Dataset records:
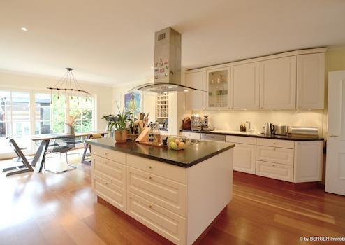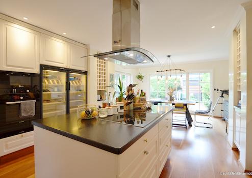 - hochwertige Einbauküche mit Kochinsel, Weinkühlschrank und Anbau
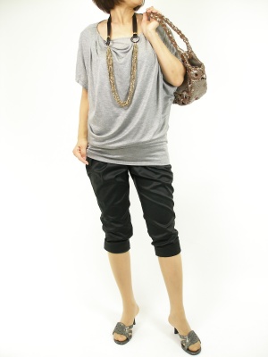 ドルマンカットソーは嫌いなラインが大切。黒の上品パンツでモノトーンコーディ!スタイリッシュ度90%、エレガンス度10%。
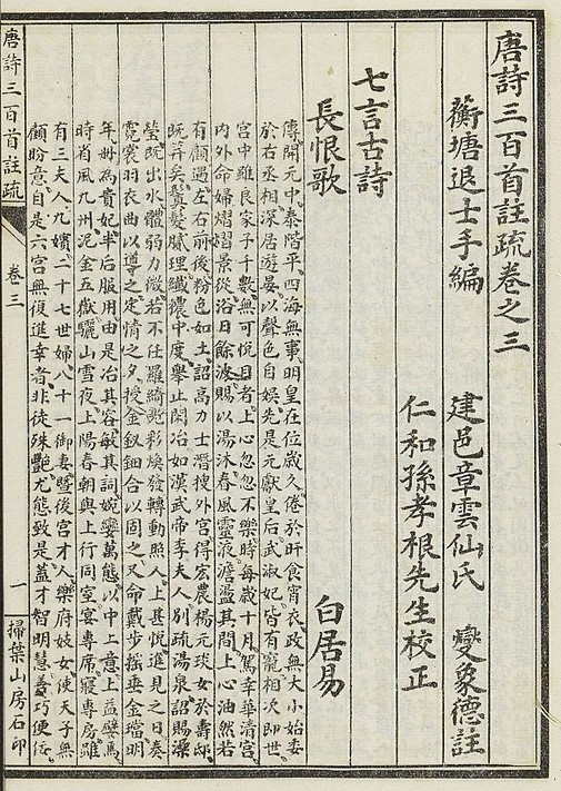 5.'장한가'는 공식적으로 한(漢)나라 무제(武帝,제7대 황제) 유철(劉徹, BC 156~BC 87)과 이부인(李夫人)의 고사를 바탕으로 썼다. 그래서 첫머리부터 대뜸 '한나라 황제'(漢皇)로 시작한다. 하지만 '양씨 가문의 딸', (양귀비가 자결한) 마외(馬嵬), 양귀비의 도사 시절 호인 '태진'(太眞), 장안(長安) 등이 나와 시의 주인공이 누군지 선명하게 밝히고 있다.
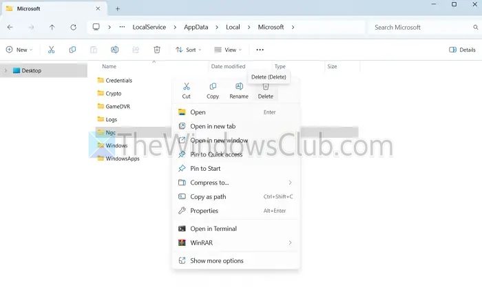 Faites un clic droit sur le dossier Ngc et supprimez-le. Si vous obtenez une erreur d'autorisation lors de la suppression du dossier, vous devrez devenir propriétaire du dossier sous Windows pour le supprimer.
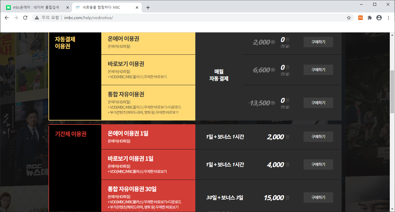 MBC 온에어 이용권 종류입니다. 자동결제 이용권과 기간제 이용권이 있습니다.
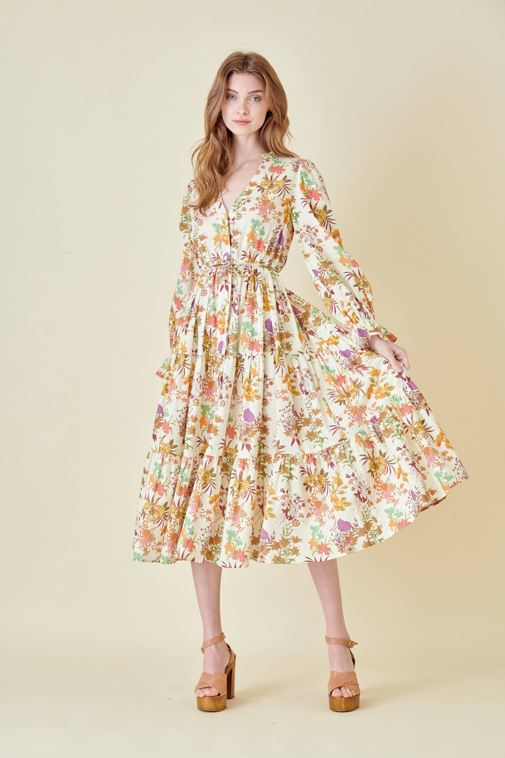 Cotton Floral Print Long Sleeve Tiered Mini Dress - 27837D
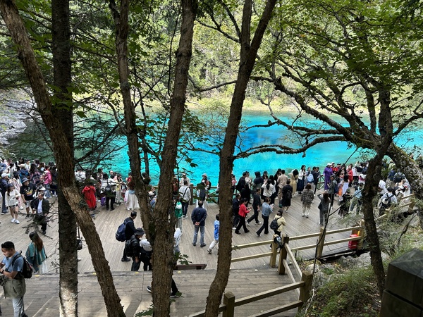 到五彩池,向下繼續前行,看完五彩池,不走回頭路,就到往諾日朗中心的乘車站。
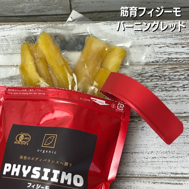 フィジークへの愛(I)とオーガニック干し芋への愛(I)を重ねて、フィジーク専用干し芋「PHYSIIMO(フィジーモ)」と命名しました。また、〜PHYSICAL IMPROVEMENT MOTIVATION〜肉体を鍛えぬく日々、傍にいつもフィジーモを置いて、癒し・やさしさといった温もりも感じていただき、心のエネルギーにしていただきたいという想いも込められています。トレーニーをやる気にさせる、攻めのデザインを採用しました。
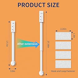 - Upgrade your charging experience with this Extendable Electrical Outlet Extender Stick, designed to make hard-to-reach outlets instantly accessible. The extender expands from 17 to 27 inches and features a 180° rotating base, allowing flexible positioning—whether vertical, horizontal, or angled—to perfectly fit your space. This all-in-one charging hub is equipped with 2 AC outlets plus USB-A and USB-C ports (5V/2.4A smart output), letting you power multiple devices at once, from smartphones and tablets to laptops and small appliances. With a slim and extendable design, it’s the ideal solution for outlets hidden behind couches, beds, nightstands, desks, or entertainment centers. Installation is effortless—just plug and use. No tools, drilling, or wiring required. Strong Velcro strips provide secure, damage-free attachment to walls, furniture, or floors, ensuring stability without mess or holes. Built with safety in mind, this ETL-listed outlet extender includes overload protection, surge protection, and fire-resistant housing for reliable and worry-free use. Perfect for homes, offices, dorm rooms, and apartments, it keeps your power needs organized and within reach. Make charging simpler, safer, and smarter with this extendable power outlet extender stick—the ultimate solution for maximizing your space and powering all your devices.
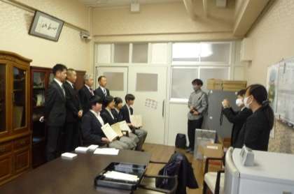 9年生が税の作文に応募し、たくさんの中から入選した生徒に表彰状が送られました。最高学年らしくきびきびと対応できていました。

Your task >>
Take the line with "- Upgrade your" and every line after it through the end of the data, and write only them out exactly, leaving out the pictures.

The completed task >>
 - Upgrade your charging experience with this Extendable Electrical Outlet Extender Stick, designed to make hard-to-reach outlets instantly accessible. The extender expands from 17 to 27 inches and features a 180° rotating base, allowing flexible positioning—whether vertical, horizontal, or angled—to perfectly fit your space. This all-in-one charging hub is equipped with 2 AC outlets plus USB-A and USB-C ports (5V/2.4A smart output), letting you power multiple devices at once, from smartphones and tablets to laptops and small appliances. With a slim and extendable design, it’s the ideal solution for outlets hidden behind couches, beds, nightstands, desks, or entertainment centers. Installation is effortless—just plug and use. No tools, drilling, or wiring required. Strong Velcro strips provide secure, damage-free attachment to walls, furniture, or floors, ensuring stability without mess or holes. Built with safety in mind, this ETL-listed outlet extender includes overload protection, surge protection, and fire-resistant housing for reliable and worry-free use. Perfect for homes, offices, dorm rooms, and apartments, it keeps your power needs organized and within reach. Make charging simpler, safer, and smarter with this extendable power outlet extender stick—the ultimate solution for maximizing your space and powering all your devices.
 9年生が税の作文に応募し、たくさんの中から入選した生徒に表彰状が送られました。最高学年らしくきびきびと対応できていました。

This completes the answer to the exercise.